Statement of Lori Wallach, Director, Public Citizen’s Global Trade Watch Division

Relative to last year’s March 1 report, the 2010 Trade Policy Agenda released today by the Office of the U.S. Trade Representative (USTR) excludes some troubling elements, such as the call for rapid action on the leftover Bush trade pact with Panama, the demand that climate policy conform to trade rules and the reference to renewed presidential trade authority. But at the same time, the report unfortunately fails to deliver the new fair trade agenda that President Barack Obama promised during the campaign and that is needed for our country’s economic recovery.

It also continues to mimic the misrepresentations that the Bush administration borrowed from the U.S. Chamber of Commerce with respect to only considering the role of exports on U.S job creation, as if the U.S. did not have a massive job-killing trade deficit. An example is the hilarious statement about 10 million U.S. jobs being supported by exports in 2008 – a year we had a $696 billion deficit – without any reference to the net U.S. jobs effect of the flood of imports underlying that deficit.

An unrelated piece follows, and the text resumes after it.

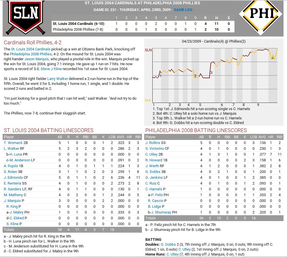 Rec/Std: 8-11, 5th, 5 GB Pittsburgh W: Condrey 2-1, 5.23. L: Kline 0-1, 5.63. Sv: Blanton 1, 3.38. HR: Sanders 1, Pujols 2, Victorino 2 (3), Rollins 2. Player of the game: Shane Victorino 3 for 4, two home runs, three runs scored, two RBIs. |
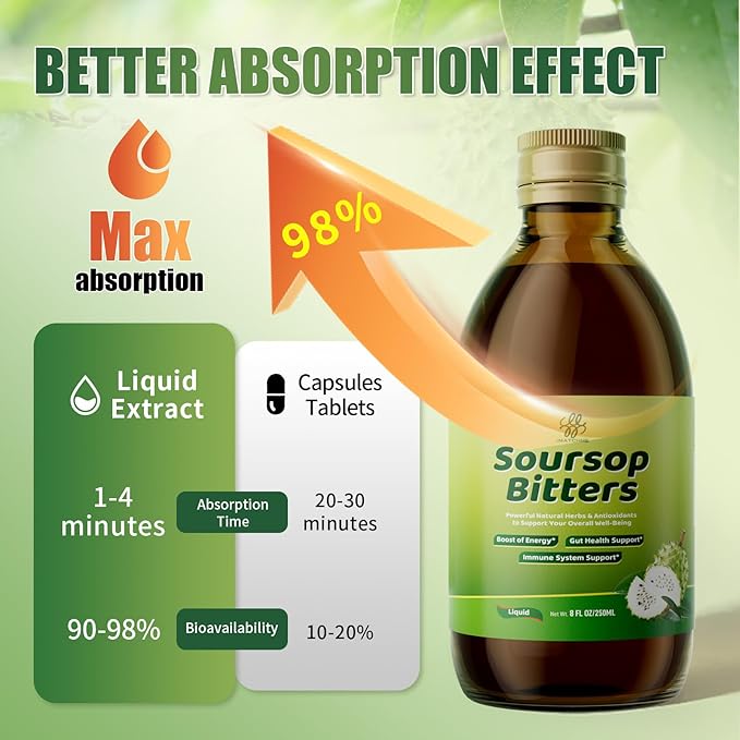 - 【Digestive & Gut Cleanse Support】Soursop bitters has a 98% absorption to gently release bowels without significant discomfort | Use as directed for effective colon cleansing and body detoxification as needed, and the turmeric in the ingredient enhances overall absorption.You can enjoy it directly for a quick and potent dose, or mix it with your favorite juice for a more flavorful experience. 2 Tablespoons/Day (about 30ml)

The report also fails to mention that 5 million net U.S manufacturing jobs – one out of every four – have been lost since the World Trade Organization (WTO) and the North American Free Trade Agreement (NAFTA) went into effect, or the downward pressure our current trade policies are putting on wages across the economy.

Continue reading "USTR’s 2010 Trade Policy Agenda: The Good, The Bad, and the Bizarre" »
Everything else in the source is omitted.